1. A computer-implemented method of managing data in a data vector, the computer-implemented method comprising:
partitioning a data vector into user-defined strides;
assigning each of the user-defined strides to a different memory chip for storage in a computer; and
initiating a Strided Vector Store (SVS) command, wherein the SVS command causes first user-selected/user-defined strides from the data vector to be parallel stored in different memory chips in the computer.
2. The computer-implemented method of claim 1, wherein all of the user-defined strides in the data vector are of a same size.
3. The computer-implemented method of claim 1, wherein the SVS command is initiated internally by the computer.

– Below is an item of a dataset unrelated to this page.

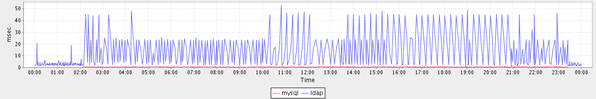 avg(mysql) = 0.30 avg(ldap) = 4.00

4. The computer-implemented method of claim 1, wherein the SVS command is initiated within a network that is coupled to the computer.

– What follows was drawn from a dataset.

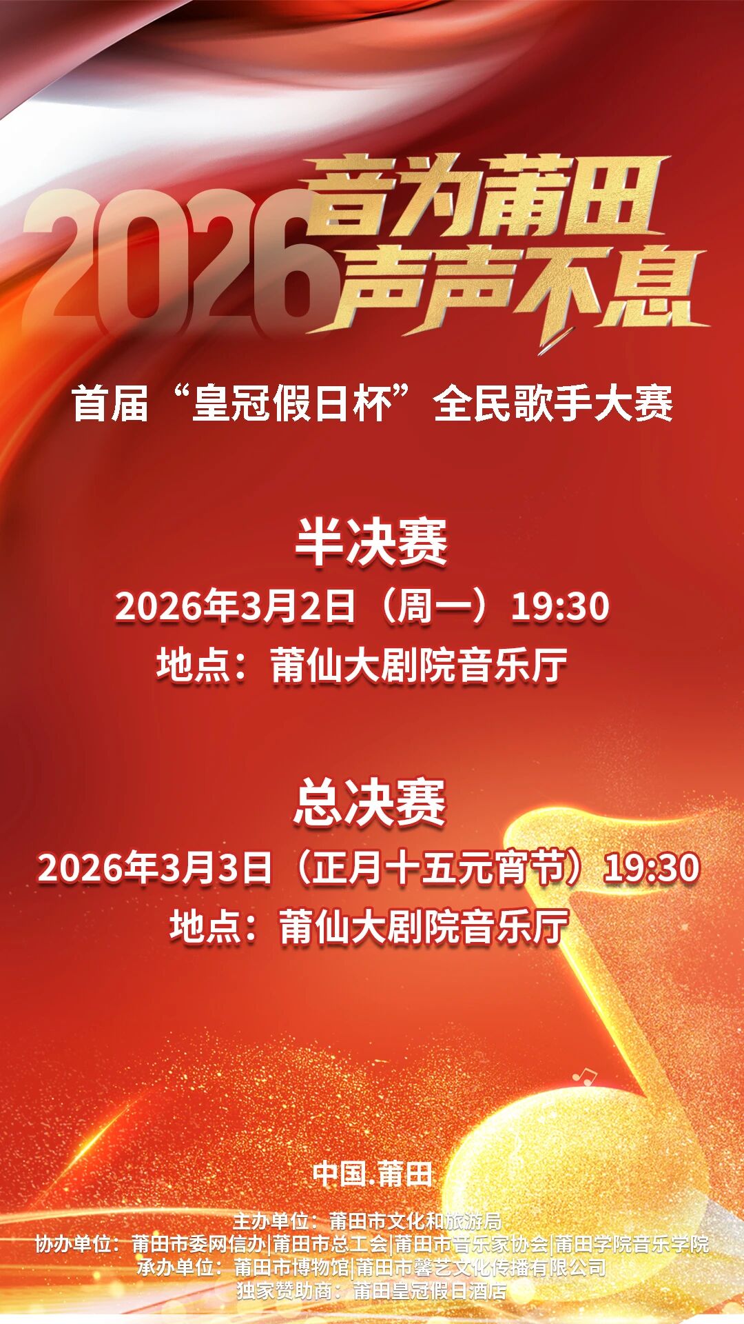 “音为莆田 声声不息”首届“皇冠假日杯”全民歌手大赛圆满收官

5. The computer-implemented method of claim 1, wherein the different memory chips are a system memory in the computer.
6. The computer-implemented method of claim 1, wherein each of the user-defined strides are stored in the different memory chips without regard as to whether a particular user-defined stride has data or not.
7. The computer-implemented method of claim 1, wherein the data vector contains only operand data.
8. The computer-implemented method of claim 1, wherein the data vector contains only instructions.
9. The computer-implemented method of claim 1, further comprising:
in response to determining that the different memory chips all support a bit-width of the first user-selected/user-defined strides, completing execution of the SVS command to complete a parallel storing of the first user-selected/user-defined strides from the data vector.
10. The computer-implemented method of claim 1, further comprising:
in response to determining that the different memory chips do not all support a bit-width of the first user-selected/user-defined strides, stopping execution of the SVS command and executing a sequential store of the first user-selected/user-defined strides across the different memory chips in the computer, wherein a single user-defined stride is stored in different memory chips.
11. The computer-implemented method of claim 1, further comprising:
in response to determining that the different memory chips do not all support a bit-width of the first user-selected/user-defined strides, stopping execution of the SVS command and executing a sequential store of the first user-selected/user-defined strides across the different memory chips in the computer, wherein multiple user-defined strides are stored in a same memory chip.
12. The computer-implemented method of claim 1, further comprising:
initiating a Strided Vector Load (SVL) command, wherein the SVL command parallel retrieves at least one second user-selected/user-defined stride from the different memory chips, and wherein the second user-selected/user-defined stride comprises at least one stride from the first user-selected/user-defined strides.
13. The computer-implemented method of claim 12, further comprising:
in response to determining that the different memory chips all support a bit-width of second user-selected/user-defined strides, completing execution of the SVL command to complete a parallel loading of the second user-selected/user-defined strides from the different memory chips.
14. The computer-implemented method of claim 12, further comprising:
in response to determining that the different memory chips do not all support a bit-width of second user-selected/user-defined strides, stopping execution of the SVL command and executing a sequential load of the second user-selected/user-defined strides from the different memory chips in the computer.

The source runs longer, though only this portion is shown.